Tuesday, October 27, 2009

The Lost Symbol by Dan Brown

I listened to this book on my mp3 while I did my housework and made dinner so I didn't get the full impact of the book that I would have had I read it. When it comes out in paperback we will buy although now that I know what happens, it won't be the same.
In this book, Robert Langdon, Harvard professor, is called to Washington, DC to lecture as a last minute substitute as a favor to his friend Peter Solomon. When he arrives in DC, he finds that he has been tricked and that his friend Peter, and Peter's attractive sister Katherine, are in grave danger is Langdon can't solve the mysteries surrounding Freemasonry.
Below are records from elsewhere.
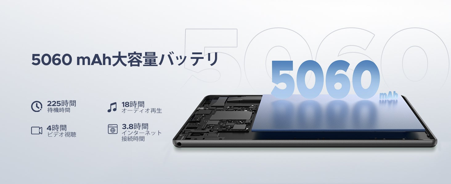 軽量設計(509g)と大容量バッテリー(5060mAh)を両立。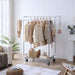 Heavy Duty Double Clothing Garment Rack With Shelves - Silver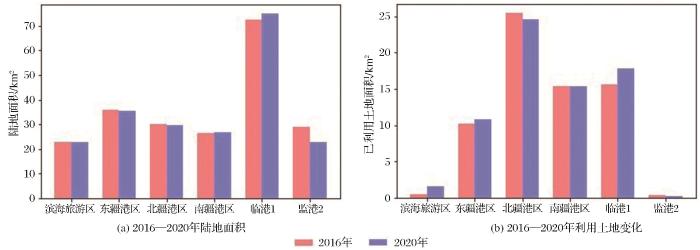 2016年和2020年陆地面积对比如图10 (a),可知2016年以来天津市滨海新区基本没有围填海活动,2016年和2020年天津市滨海新区各港区土地利用变化如图10 (b)所示。其中,滨海旅游区已利用土地面积增长了1.093 km2 ,相较于其他港区增幅最大,说明该区域虽处于发展的起步阶段,但是发展速度很快,而且新增已利用土地多为居住、旅游用途,可知该区域的建设中心偏向旅游与服务业。东疆港区新增利用土地面积0.553 km2 ,主要来自居民区的扩建。东疆港区已利用土地主要分布于西南沿海,由大型码头和发达的物流业组成,东部沿海地区主要为景区(东疆湾景区)和居民公寓。2020年位于北疆港区新港五号路和新港六号路交会的大型堆场和新港一号路南部堆货码头的遗弃导致了北疆港区已利用土地面积的负增长。南疆港区已利用土地面积基本保持不变。由于北部沿海码头和南部工业区的扩建,临港工业区1已利用土地面积增加了2.17 km2 。临港工业区2利用土地面积很少而且基本没有变化。

I thought that, although the book definitely has its faults, it was fascinating especially with all the details about many national monuments and famous buildings. I was completely unsure about what was factual and what wasn't but apparently much of it is true, both about the symbols placed in the buildings and about the masons. Here is a link to a Discovery Channel program about the book:
The action was non-stop with tons of twists and turns and unexpected surprises that come out of nowhere. My only criticism of the book is that the main characters don't seem quite human in both their ability to crack codes at the speed of lightening and to recover quickly from traumatic events. What I really liked was that the book was well-researched and is sure to bring up many interesting discussions.
The book wasn't too bad as far as language goes. I don't remember hearing any f-words. And there wasn't any sex. There was violence and I found the scene where Mah'lak (the villain) describes his self-mutilation rather distasteful. This is definitely an adult book but not quite a rated-R book. Rated PG-16.